Representativity of Active Lidar Measurements of Methane, and Implications for Validation Strategies

Kurzfassung

The planned joint French‐German satellite mission MERLIN aims to measure columnintegrated atmospheric methane abundances using a spaceborne Integrated Path Differential Absorption (IPDA) lidar. The very small measurement footprint of the single shot measurements (~150 m) means that the sensor will be able to make measurements even in the presence of broken clouds. In order to attain the targeted measurement precision, many measurements, spaced roughly 600 m apart, will be averaged along a measurement path of approximately 50 km, resulting in a measurement footprint of 150 m by 50 km. This presents some unusual challenges for the validation of the measurement, particularly over regions with a great deal of heterogeneity in the sources. Furthermore, the planned dawn‐dusk orbit results in significant time offsets with measurements from the TCCON network, particularly in the winter and at higher latitudes, as the FTS measurements require a clear line‐of‐sight to the sun.
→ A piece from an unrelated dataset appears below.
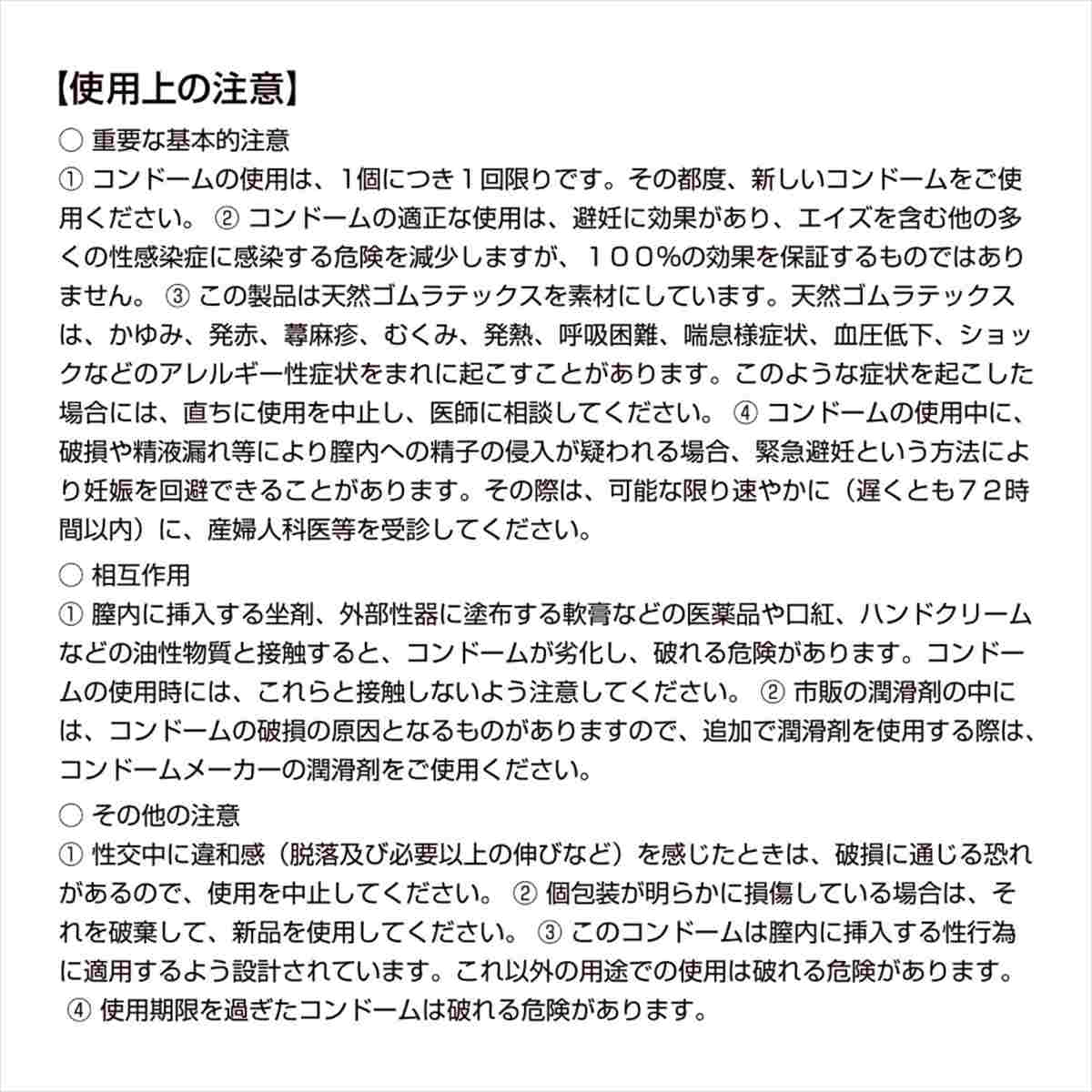 天然ゴムラテックス素材のナチュラルタイプ・コンドームです。程よいサイズ感で多くの男性にフィットします。この製品は日本国内で製造されています、安心してお使いください。コンドームの装着は大人の男のマナーです。使用方法を守って、正しくお使いください。単品JAN:4571355633671

In order to address the representativity of various in‐situ and ground‐based remote sensing measurement systems with respect to the MERLIN measurement, a series of mesoscale tracer transport simulations at resolutions of up to 2 km have been sub‐sampled in order to produce satellite pseudo‐data. These pseudo‐measurements are then compared to pseudo‐data created with sampling consistent with ground‐based remote sensing (TCCON‐like), routine profile measurement made by passenger aircraft (IAGOS‐like), balloon‐based profile measurements (AirCore‐like), and sampling consistent with a dedicated validation campaign. Results from mesoscale simulations over Europe, as well as regions of Western Siberia and the Amazon with significant wetland and biomass burning fluxes are considered in the study. The appropriateness of each type of measurement system for the validation of MERLIN measurements is assessed, including the length of time that would be required to develop sufficient coincidences in space and time to achieve a statistically significant comparison. Optimal strategies for dedicated validation campaigns are discussed. Finally, the results are upscaled globally, based on process‐based flux maps and heterogeneity observed in simulations of XCH4 using a global atmospheric tracer transport model. Comparisons to results for XCO2 are also presented.